Desde que el pasado Primero de Octubre de 2017, el presidente de la Generalitat de Cataluña, Carles Puigdemont, y los partidos nacionalistas en el Parlamento catalán, avanzaran en el referéndum por la independencia de esa comunidad autónoma, la confrontación con el resto de España se ha tornado más intensa. Las formaciones que persiguen el objetivo de la separación de España, como Esquerra Republicana de Catalunya, Candidatura de Unitat Popular (CUP) o el Partido Demócrata Europeo Catalán (PdeCat), han continuado desafiando al Estado de Derecho y sus instituciones democráticas, precisamente valiéndose de ellas para conseguir sus objetivos de poder.

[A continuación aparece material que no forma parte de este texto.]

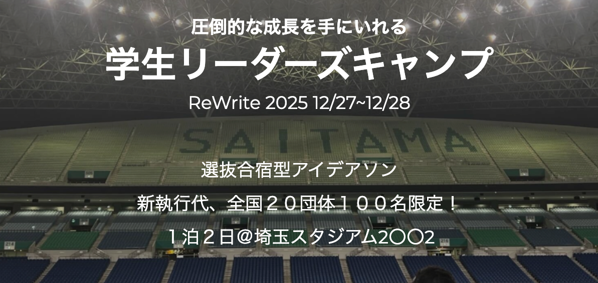 学生団体チャレンジコンテスト『ReWrite』を運営する、AYWD株式会社(エニドア)(東京都渋谷区、代表取締役CEO:笹原哲)は、令和7年12月27日・28日の2日間、埼玉スタジアム2〇〇2にて、全国の学生団体が参加する合宿型ピッチコンテスト「ReWrite2025」を開催します。本イベントは、次世代の地域創造人材や経営人材を育成する新しい教育プログラムとして、一般社団法人さいたまスポーツコミッション(さいたま市、代表理事:遠藤秀一、以下「SSC」)と埼玉スタジアム2〇〇2の協力のもと実施されます。

Luego de la intervención oportuna por parte del gobierno de Rajoy en Cataluña, en la fecha del referéndum, vino la decisión del Tribunal Constitucional de declarar ilegal este mecanismo, por ser abiertamente inconstitucional. Desde ese tiempo hasta hoy, Puigdemont ha insistido en que sigue siendo el presidente catalán en la distancia, y preso en la prisión de Neumünster, en Alemania, mientras que sus cómplices lo reconocen como tal. Pero para decepción de Puigdemont, Oriol Junqueras y los demás, nuevamente se ha hecho sentir el imperio de la ley para impedir la avalancha del golpismo nacionalista: el magistrado Pablo Llarena, del Tribunal Supremo de Justicia, ha acusado de rebelión a trece líderes independentistas, lo que supone una acción directa y sin complejos para defender la legalidad, el orden constitucional y la estabilidad política de Cataluña y de toda España. La ciudadanía, si realmente tiene apego a los valores e instituciones que sustentan la sociedad democrática y abierta, debe aplaudir la medida y evitar los cantos de sirena que abundan hoy en día en todo Occidente y América Latina.

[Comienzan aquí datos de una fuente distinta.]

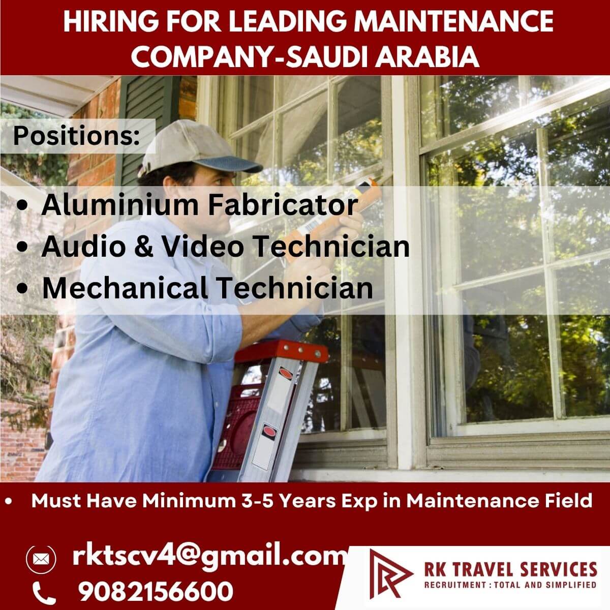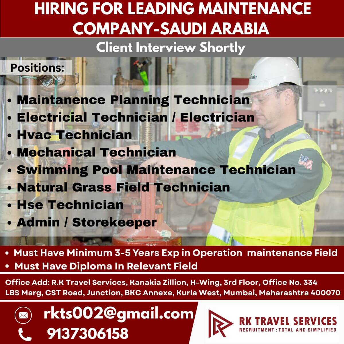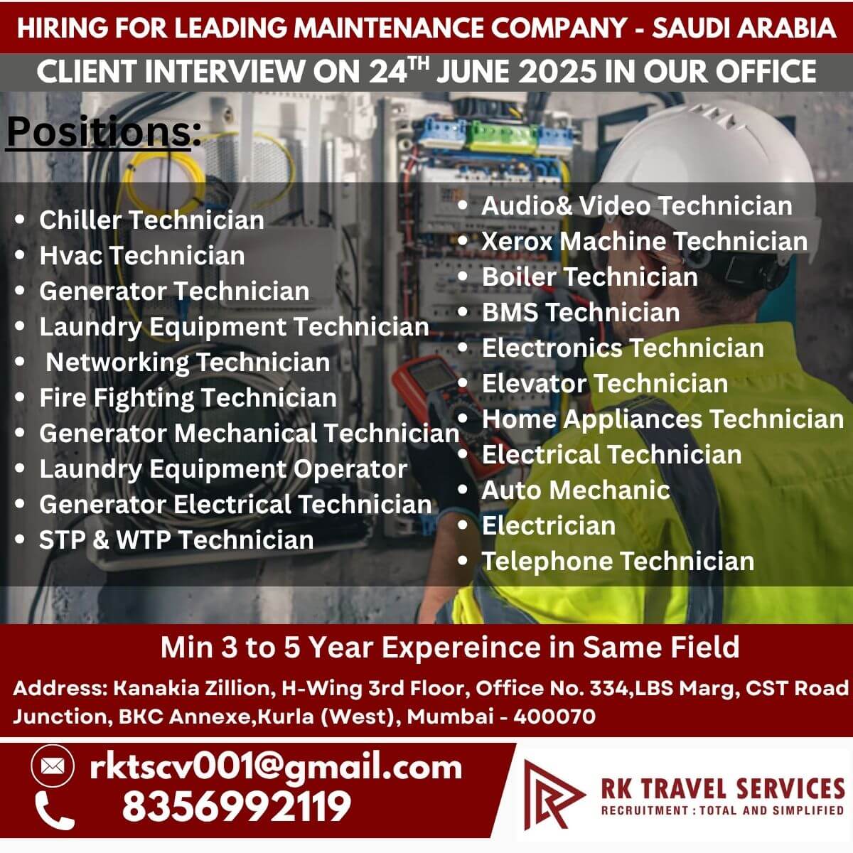 AC Technician Audio & Video Technician CAFM Customer Service Specialist Electrician Silo Cleaners Senior Supervisor

De la misma forma que se representa en los murales la Revolución Cultural de Mao Tse Tung, o el paraíso de la Alemania nacionalsocialista de Hitler, con el pueblo exultante y mirando al infinito, el nacionalismo catalán ha fabricado una realidad según la cual Cataluña es otro país, una experiencia mística, un destino histórico que debe hacer frente a la opresión del yugo español. En este sentido, desaparece la mitad de los catalanes que se sienten parte de España y los españoles de otras comunidades autónomas que habitan la región. De hecho, quienes no respaldan el delirio nacionalista son considerados malos catalanes o traidores, como señaló a los vascos no nacionalistas Juan José Ibarretxe, el expresidente (o ex lehendakari) de la comunidad del País Vasco (o Euskal Herria) de 1999 a 2009. Y es así como se impuso el llamado “apartheid lingüístico” en los colegios públicos de Cataluña, que consistió en la marginación inicial, y después, en la prohibición de la enseñanza del Español, aún cuando miles de familias interpusieron acciones ante la justicia, exigiendo respeto para los derechos de sus hijos. O también, la obligación para comerciantes y empresarios de rotular los productos exclusivamente en Catalán, en una clara violación de la ley y de las libertades civiles de los catalanes.
Pero con todas estas acciones de carácter totalitario, ni el gobierno de Rajoy ni los partidos políticos que deberían defender la unidad de España y los derechos de todos los catalanes, han actuado con seriedad y afirmación para frenar la deriva nacionalista. Solo el valor y el apego a la justicia por parte del juez Llarena, permitieron que esta vez se gane una batalla en la larga guerra por contener al separatismo catalán.